Column:

'Eagle Eye' good, not great

Published Sept. 29, 2008

At the beginning of the trailer for "Eagle Eye," a man enters his apartment to find it filled with stolen weapons. A woman calls him, calls him by name in a steady voice and tells him he has 30 seconds to get out before the FBI apprehends him. There's no voiceover, no dialogue - nothing to remove us from the character we've just met. It's a beautiful example of how to set up a wrong-man thriller, and it's a shame that the full movie didn't follow its lead. That's how things go with "Eagle Eye," a good movie that could have been a great one.

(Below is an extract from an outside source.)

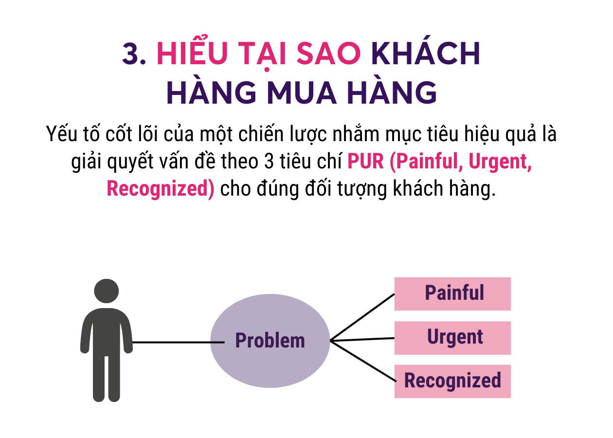 Bạn muốn bán hàng hiệu quả? Hãy giải quyết đúng vấn đề khách hàng đang gặp phải! Sau quá trình học hỏi và làm việc thì mình nhận thấy rằng, khách hàng chỉ thực sự hành động mua hàng khi họ gặp một vấn đề với 3 tiêu chí PUR: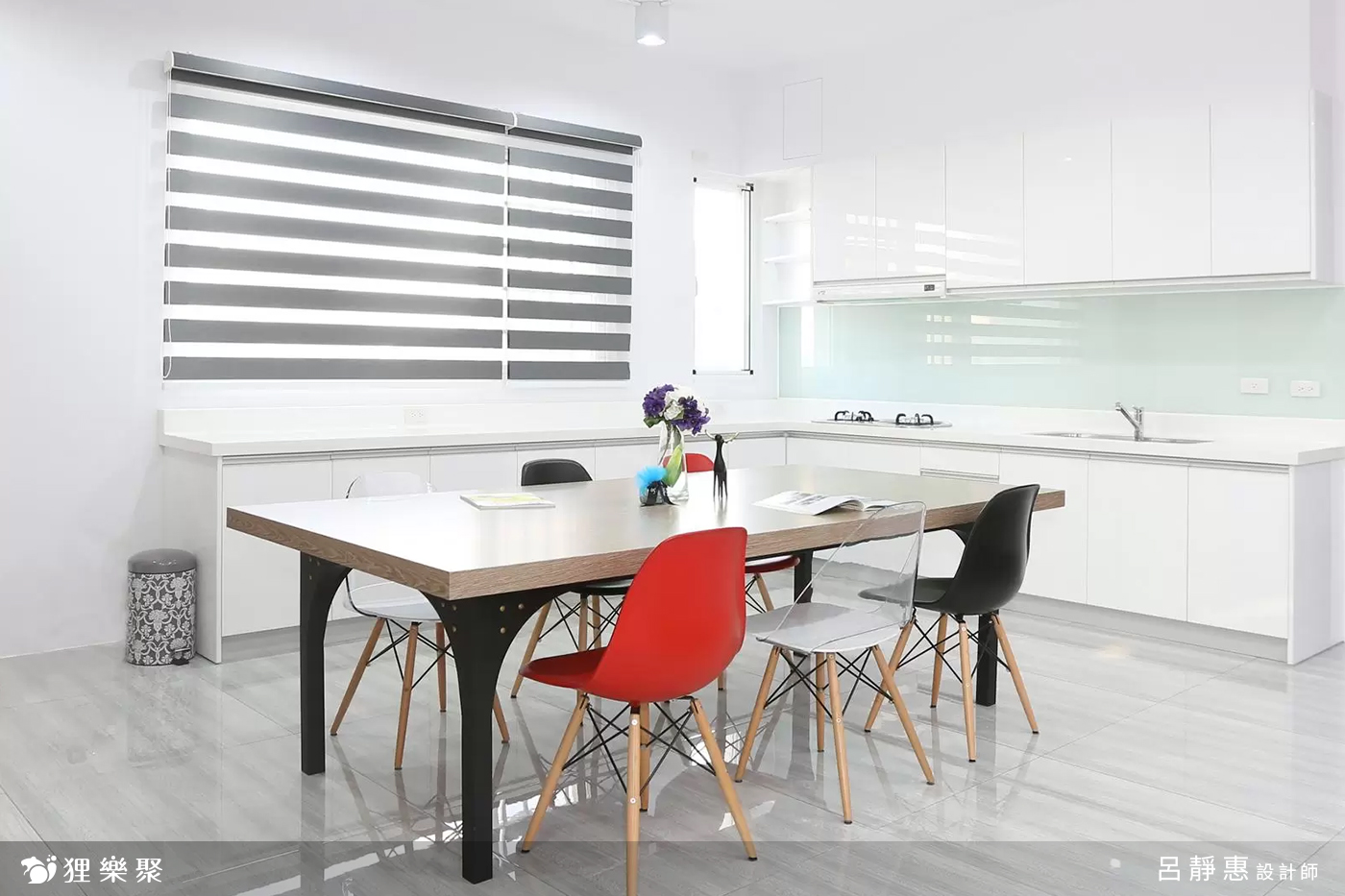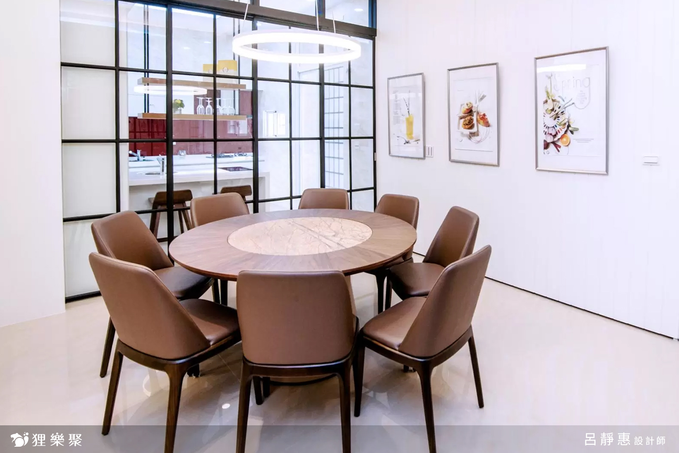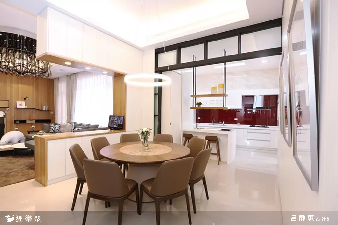 由於女主人本身很會料理,在餐廚區採開放式廚具及餐桌,最為招待親友的最佳場域,中間使用玻璃的推拉門做阻隔,擋去煮飯時的油煙,而餐桌樣式選擇大小圓的造型,上方也是圓型的吊燈,意味著「大小團圓的出發點」。

There's little to discuss, plot-wise, in a film that keeps so much to its chest, but the basics involve a shiftless 20-something named Jerry (Shia LaBeouf) who is set up by a mysterious voice and forced to do things that make him a federally wanted man. Eventually he meets a young single mother, Rachel (Michelle Monaghan), who's also under the voice's control - it has promised to derail the train her son is riding unless she does what she's told. They quickly learn that the voice, referred to only as "She," is able to manipulate the cell phones, cameras and power grids around them to make sure they stay in line, working toward a plan they don't understand.

That's all that can be divulged without unraveling the story completely. Suffice to say that if one is able to suspend disbelief on one crucial point, it all seems internally consistent. The execution, though, is worth mentioning. The film, unlike its trailer, just tells us too much. Obvious influences like Hitchcock's "North by Northwest" keep viewers as in the dark as their wrongly accused heroes, but "Eagle Eye" shoehorns a prologue, a blunt Middle Eastern set-piece, into the opening credits before we even meet Jerry and Rachel. The truly disorienting tone of the trailer is replaced by hazy, ill-fitting government overtones. When we finally get to the phone call, its power is sapped by the slow build of the opening scene.

Another problem crops up when there's action for the camera to follow. "Eagle Eye" sets up some imaginative, original set-pieces, including one at - and on - an airport baggage sorter, but Caruso is a member of that inexplicable fraternity of directors who think that people shake their heads violently when an action scene is set before them. Call it Bourne syndrome: Instead of watching these intricately choreographed scenes unfold, we have to fight the feeling of nausea through them, with cuts occurring seemingly at random. There's the feeling, throughout, that Caruso has bitten off more than he can chew.

The movie's saving grace, in addition to its concept, is its performances. Shia LaBeouf, in particular, continues to establish himself as this generation's William Powell, always trying to remain at an ironic distance but never quite able to do it. Whether he's bluffing in poker or attempting to pose as a White House security guard, Jerry's unable to be quite as smooth and detached as he'd like.

But the problem is not that this isn't a good movie - it's that it could've been so much better. One finds oneself looking at the trailer, and at producer Steven Spielberg, and thinking about what might have been.